Reliable support is provided from Kyle Chandler as Maya’s boss; the official bureaucrat who struggles to devote himself or the government’s money in the same way Maya does, as well as Jennifer Elhe and Jason Clarke as the colleagues who suffer the burden of duty in different ways.

I left the cinema feeling a little emotionally drained and exhausted, but utterly impressed with the filmmaking. Don’t expect party poppers or fireworks as the climax occurs; this is not a film that necessarily celebrates the death of Osama Bin Laden. Instead it holds up a magnifying glass to how it happened. It depicts the complicity and controversy of morally ambiguous policies – weaving its way effectively through the nitty gritty of the 9/11 aftermath and America’s conscience, but without ever swaying you towards a side. It’s a risky tactic, as debates about the film’s stance on torture have proved – but one that I think pays off in dividends.

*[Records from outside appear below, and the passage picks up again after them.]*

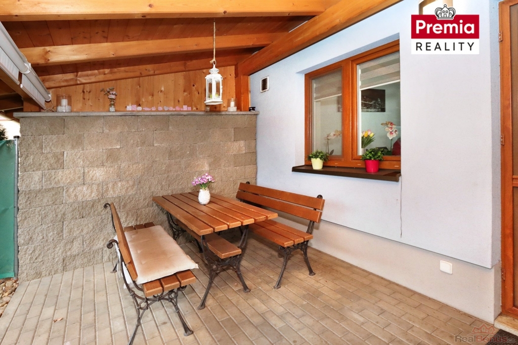 Pro posezení i relaxaci je ideálním prostorem terasa, oplocená zahrádka nabízí dostatek soukromí. Pro uložení zahradního a dílenského nářadí slouží zahradní domek. Dalším úložným prostorem je sklad před domem, kde je možno uskladnit kola i ostatní sportovní vybavení.
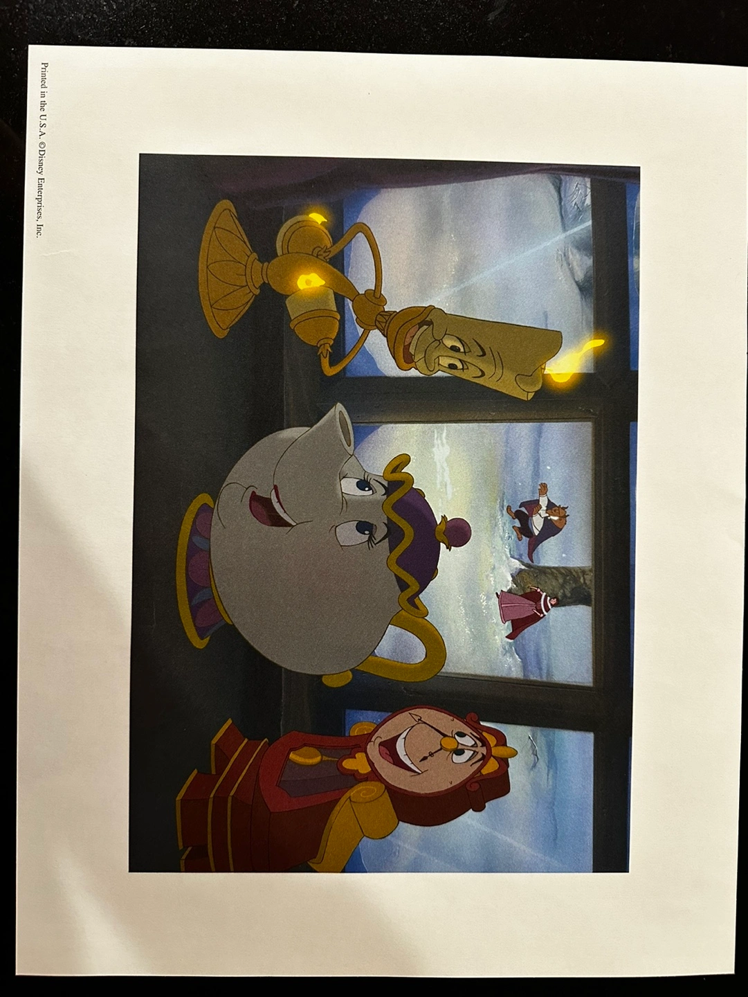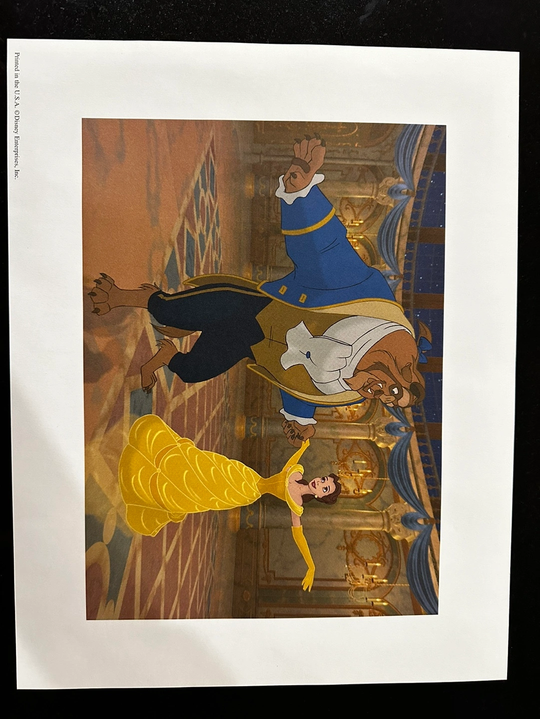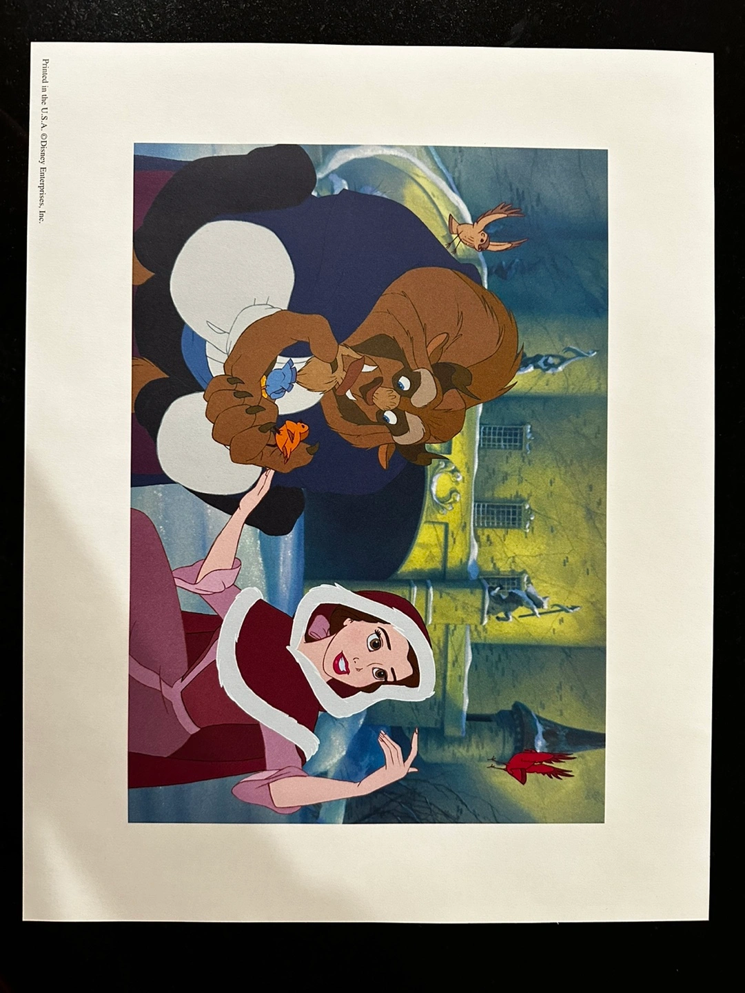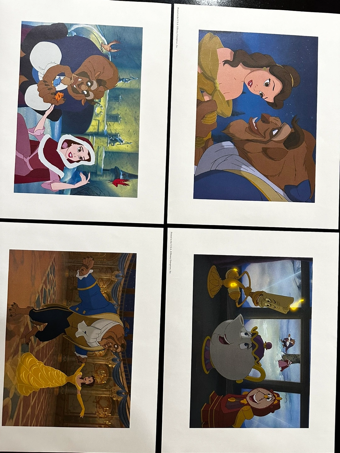 26Set of 4 movie lithograph prints from Beauty and the Beast, features scenes of the movie. Each print is free of rips, tears or folds and ready for framing. Disney Store 2002. Approximately 14” x 11” Non Smoking Home
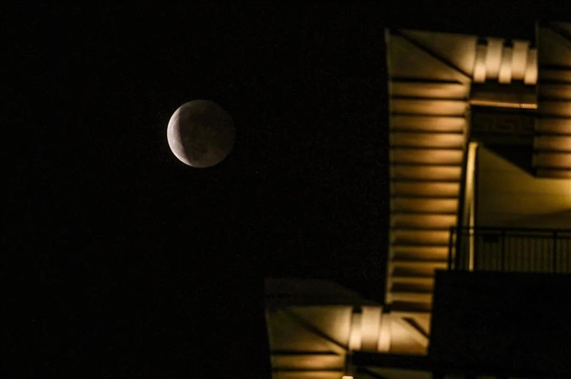 天文预报显示,这次月全食始于北京时间11月8日16时00分,此时月球开始稍微阴暗(半影食始);
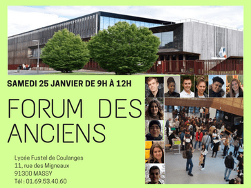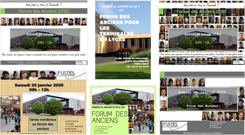 Parmi les 6 affiches, une a été retenue par l’équipe de direction du lycée. Elle sera très prochainement sur le site du lycée ainsi que sur les tableaux d’affichage du lycée pour permettre aux élèves des classe de première et de terminale du lycée Fustel de Coulanges de rencontrer les anciens élèves et de trouver des réponses sur leur future orientation et futur métier.

As technically proficient as it is compelling, the use of a grainy camera feel adds to the stripped back realism of the film, whilst the framing and costuming of Maya show her to become more and more embroiled in the manhunt. Equally, the editing builds suspense in the right places; you can sense when something isn’t quite right, but without resorting to sensationalism. The pacing could be said to be patchy in places, however the 157 minute running time never drags and if anything it adds to the feeling of tedium that embodied the wild-goose chase. Not as visceral or searing as The Hurt Locker, but once again Bigelow proves herself a master of the provocative, pared down and politically relevant.
Verdict: Taut, clinical and well-executed, it lays down the facts and lets you make a judgement.